The Commonwealth government considers that best practice for DSPs includes the capacity for one party to be able to refer a dispute to independent arbitration. The FWPs reinforce that view by requiring that procurement be only from suppliers who have DSPs modelled on that practice in any new enterprise agreements (after 1 January 2010). However, that DSP model is not something that is required under the Fair Work Act. A common alternative is for enterprise agreements to make arbitration of disputes available only by agreement of both parties to the particular dispute.

Prescribing only one method for arbitration of disputes to occur, when the Fair Work Act allows for others, could amount to a restriction on a workplace right of the parties to the agreement – that is, the workplace right to use a different DSP model. It follows that in these circumstances applying the FWPs to refuse to engage a particular supplier could amount to adverse action taken for reasons that include the existence of that workplace right. Adverse action motivated by that reason can be contrary to the Fair Work Act.

The Commonwealth government has implemented the FWPs to promote what it regards as best practice workplace arrangements amongst its suppliers. If that alone were enough to justify the use of commercial pressure to promote particular workplace arrangements, then any other level of government or purchaser could take a different view on what DSP model is "best practice", and what workplace arrangements amongst its suppliers are a pre-condition for procurement contracts. This could leave suppliers in an impossible position.
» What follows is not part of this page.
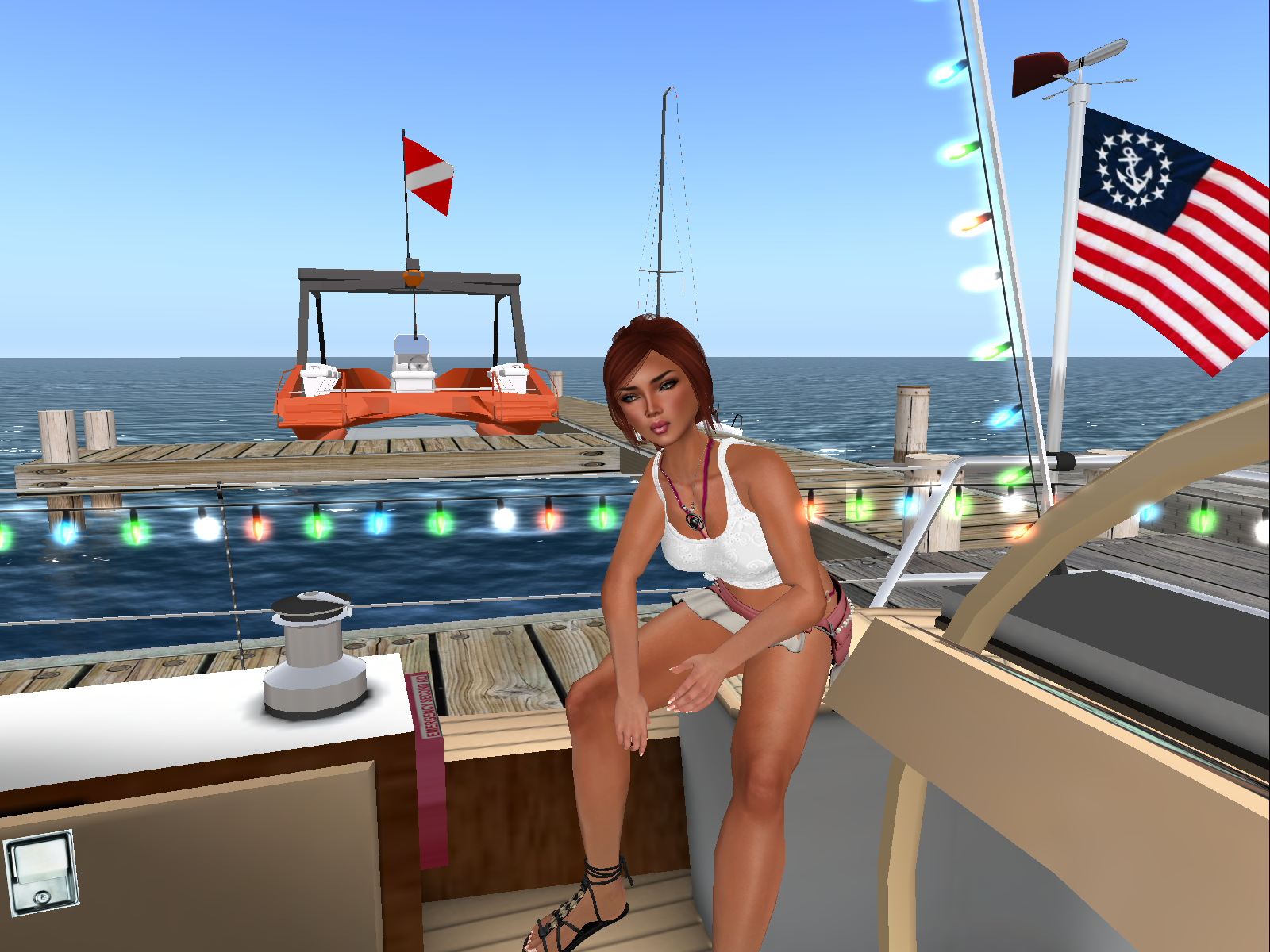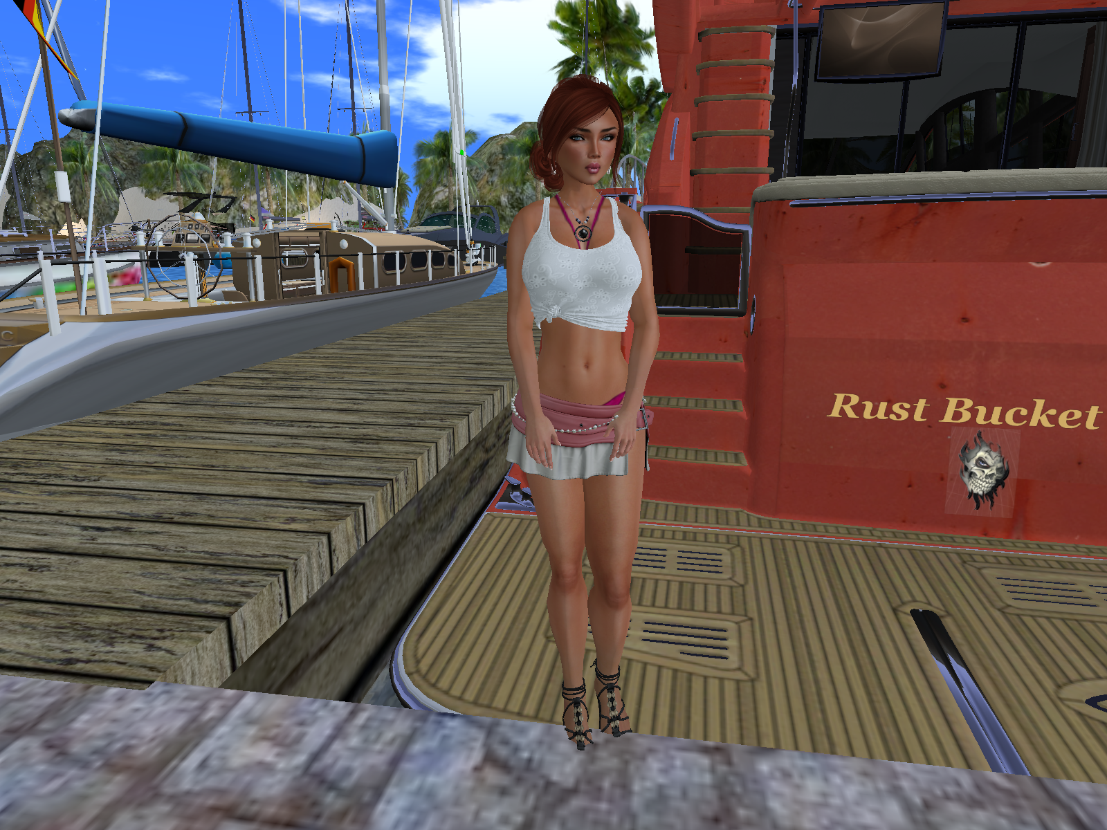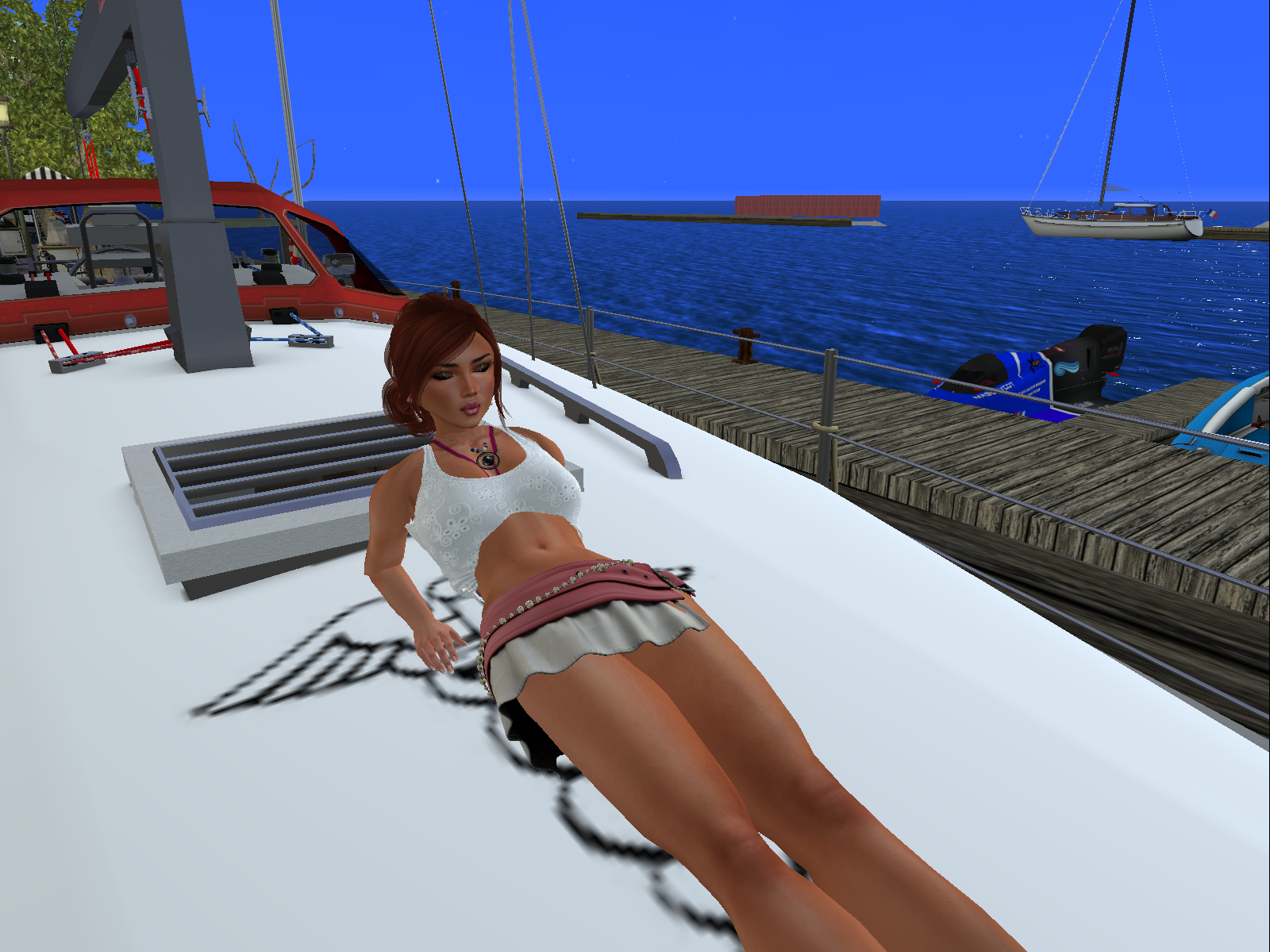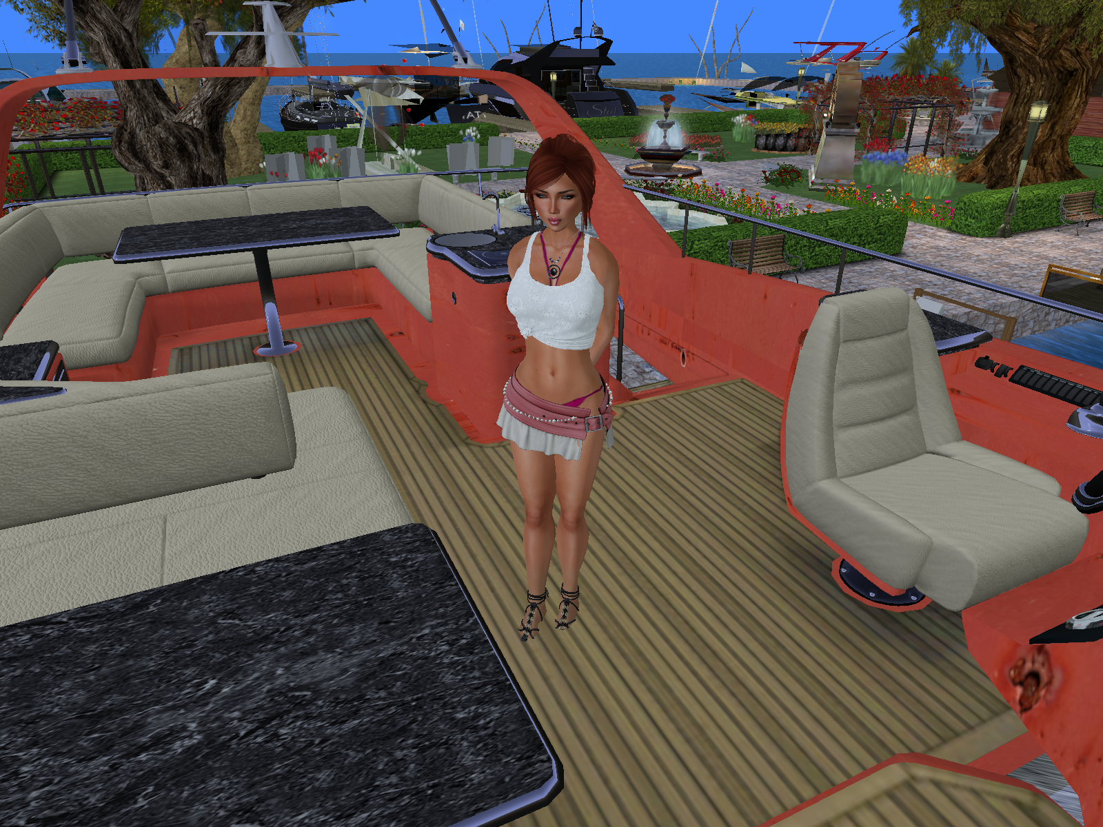 I tried to argue with her for a few minutes without any success. She was stubborn and did not want me to board any boat without an official invitation from one of the owner. Well, I definitely feel it is a bit a pity, but I could not fight it, it was a fact: on this sim it seems people are really not happy to have visitors on their boat. So I bent to the rule. There was no point staying here, she had a thorough look onto me all the time I stayed … so I left for another marina.

The existence of the FWPs should not encourage a view that procurement polices can be introduced without taking into account the Fair Work Act. The general protections provisions of the Fair Work Act, including protection from adverse action based on workplace rights, mean that procurement policies need to be constructed and applied with care whenever they have potential to restrict or alter choices that are protected under the Fair Work Act itself.

Key issues

  • A government entity or supplier which is considering refusing services of a contractor on the basis of a requirement under the FWPs should carefully consider whether a refusal would be consistent with the Fair Work Act.
  • A viewpoint about whether a supplier's enterprise agreement is "best practice", when considered in procurement decisions, is not in itself an excuse for a failure to comply with the Fair Work Act.
  • The Fair Work Act's general protections provisions prevent legitimate choices about conditions in enterprise agreements from being a basis to discriminate between suppliers in certain commercial dealings.